Disease Severity in Moderate-to-Severe COVID-19 Is Associated With Platelet Hyperreactivity and Innate Immune Activation

BACKGROUND: Hemostasis and inflammation are both dysregulated in patients with moderate-to-severe coronavirus disease 2019 (COVID-19). Yet, both processes can also be disturbed in patients with other respiratory diseases, and the interactions between coagulation, inflammation, and disease severity specific to COVID-19 are still vague. METHODS: Hospitalized patients with acute respiratory symptoms and with severe acute respiratory syndrome coronavirus 2 (SARS-CoV2)-positive (COV(pos)) and SARS-CoV2-negative (COV(neg)) status were included. We assessed adenosine diphosphate (ADP)-, thrombin receptor activator peptide 6 (TRAP)-, and arachidonic acid (AA)-induced platelet reactivity by impedance aggregometry, as well as leukocyte subtype spectrum and platelet-leukocyte aggregates by flow cytometry and inflammatory cytokines by cytometric bead array. RESULTS: ADP-, TRAP-, and AA-induced platelet reactivity was significantly higher in COV(pos) than in COV(neg) patients. Disease severity, assessed by sequential organ failure assessment (SOFA) score, was higher in COV(pos) than in COV(neg) patients and again higher in deceased COV(pos) patients than in surviving COV(pos). The SOFA score correlated significantly with the mean platelet volume and TRAP-induced platelet aggregability. A larger percentage of classical and intermediate monocytes, and of CD4(pos) T cells (T(H)) aggregated with platelets in COV(pos) than in COV(neg) patients. Interleukin (IL)-1 receptor antagonist (RA) and IL-6 levels were higher in COV(pos) than in COV(neg) patients and again higher in deceased COV(pos) patients than in surviving COV(pos). IL-1RA and IL-6 levels correlated with the SOFA score in COV(pos) but not in COV(neg) patients. In both respiratory disease groups, absolute levels of B-cell-platelet aggregates and NK-cell-platelet aggregates were correlated with ex vivo platelet aggegation upon stimulation with AA and ADP, respectively, indicating a universal, but not a COVID-19-specific mechanism.

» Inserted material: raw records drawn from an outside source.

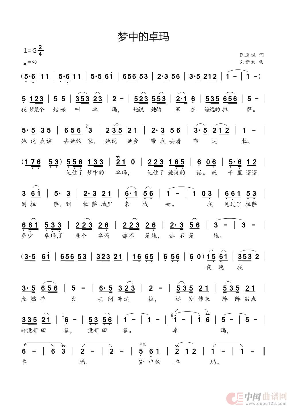 关于《梦中的卓玛》曲谱的评论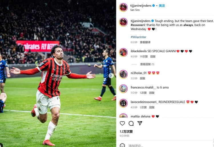 赖因德斯社媒:结局很难接受但已竭尽全力,感谢球迷们一直的支持 2月3日讯 米兰在本轮意甲1-1战平国米,赖因德斯破门、德弗里绝平。第44分钟,恰尔汗奥卢前场被断,特奥推进后送出直塞,莱奥跟进横传被挡,赖因德斯补射打破僵局。赖因德斯也在赛后晒出自己进球后的庆祝照, 2025/02/03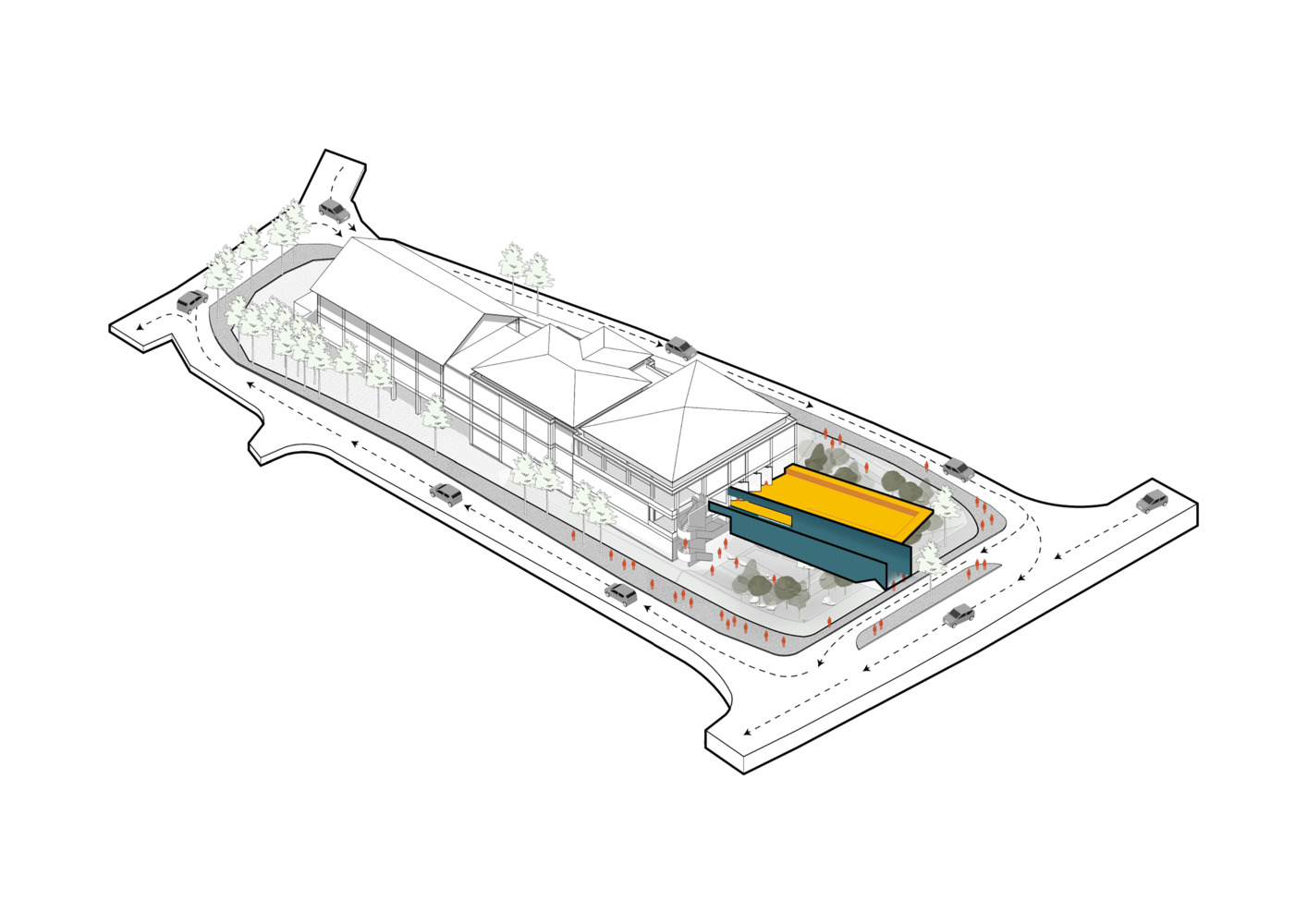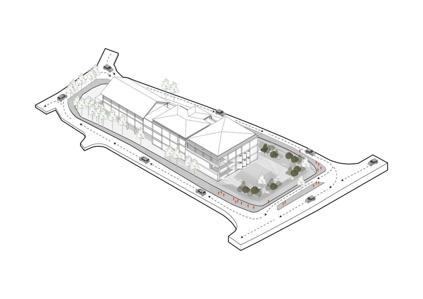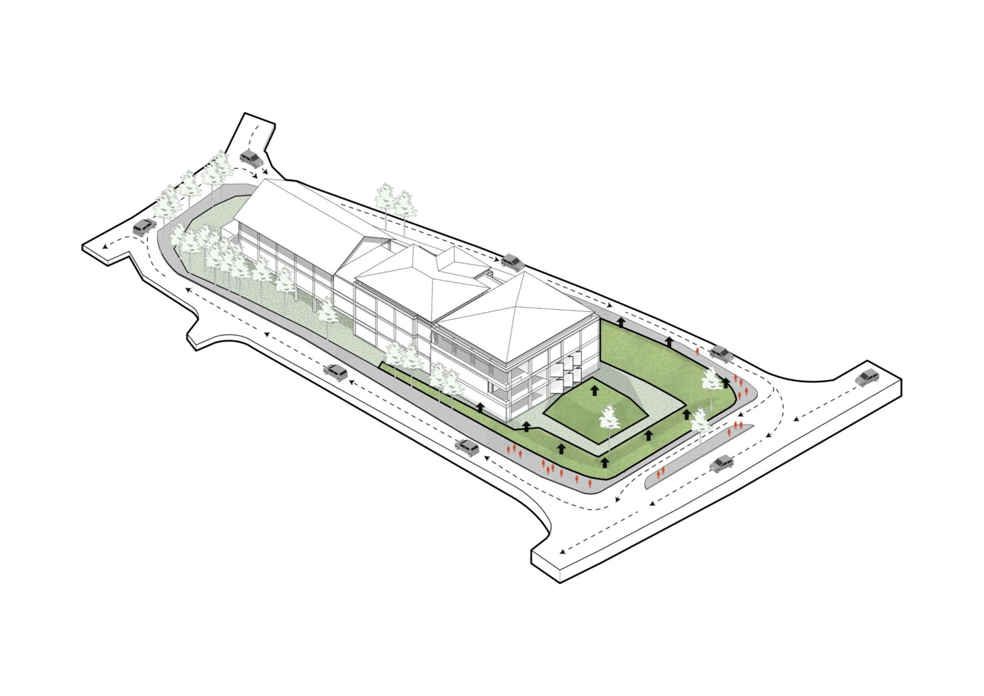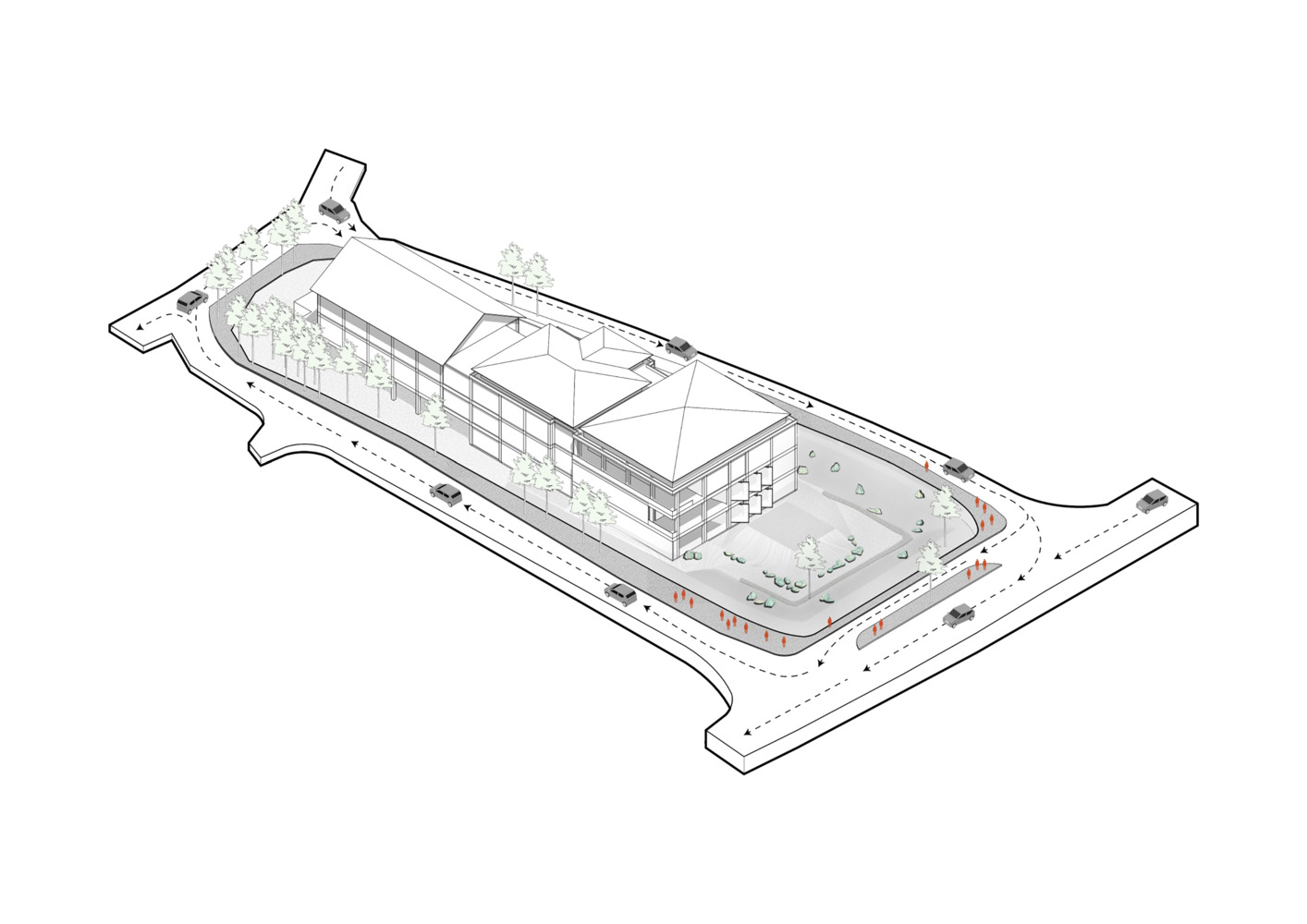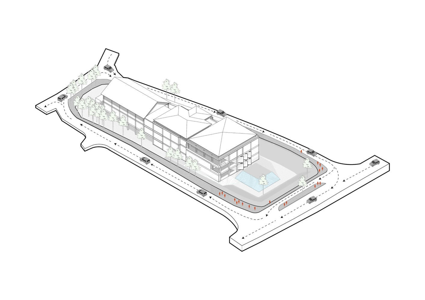 The existing building sits lower and 35 meters from the main road, prompting a design response that reconnects it to the street with a four-meter-wide bridge.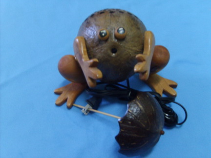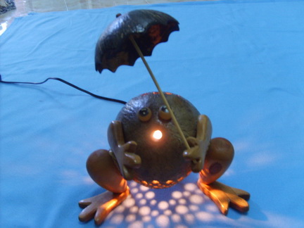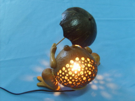 โคมไฟเป็นรูปกบทำมาจากกะลา มีหลอดไฟแสงสีสม มีสวิทซ์ปิดเปิด น้ำหนัก 500 กรัม น้ำหนัก : 500 กรัม ขนาด [กว้าง x ยาว x สูง] : 16 x 12 x 25 ซม.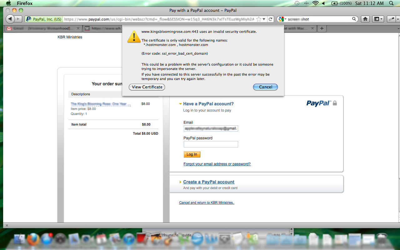 I am attaching a screen shot of a customer who was having another problem once she did get past the initial address problem. What does this mean - invalid security certificate?? Can you duplicate the problem? http://kingsbloomingrose.com/cart2/prestashop/cart?qty=1&id_product=57&add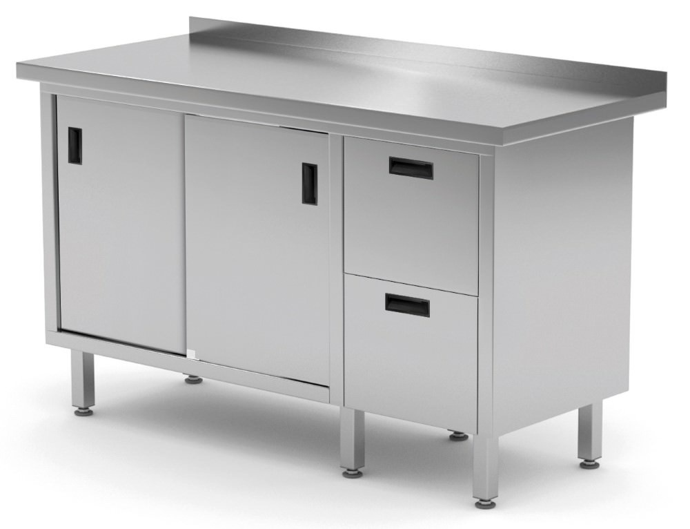 Stół przyścienny ze stali nierdzewnej, szafka z dwiema szufladami i drzwiami suwanymi - szuflady po prawej stronie o wymiarach 1400x600x(h)850 mm

CONCLUSION: In moderate-to-severe COVID-19, but not in other respiratory diseases, disease severity was associated with platelet hyperreactivity and a typical inflammatory signature. In addition to a severe inflammatory response, platelet hyperreactivity associated to a worse clinical outcome in patients with COVID-19, pointing to the importance of antithrombotic therapy for reducing disease severity.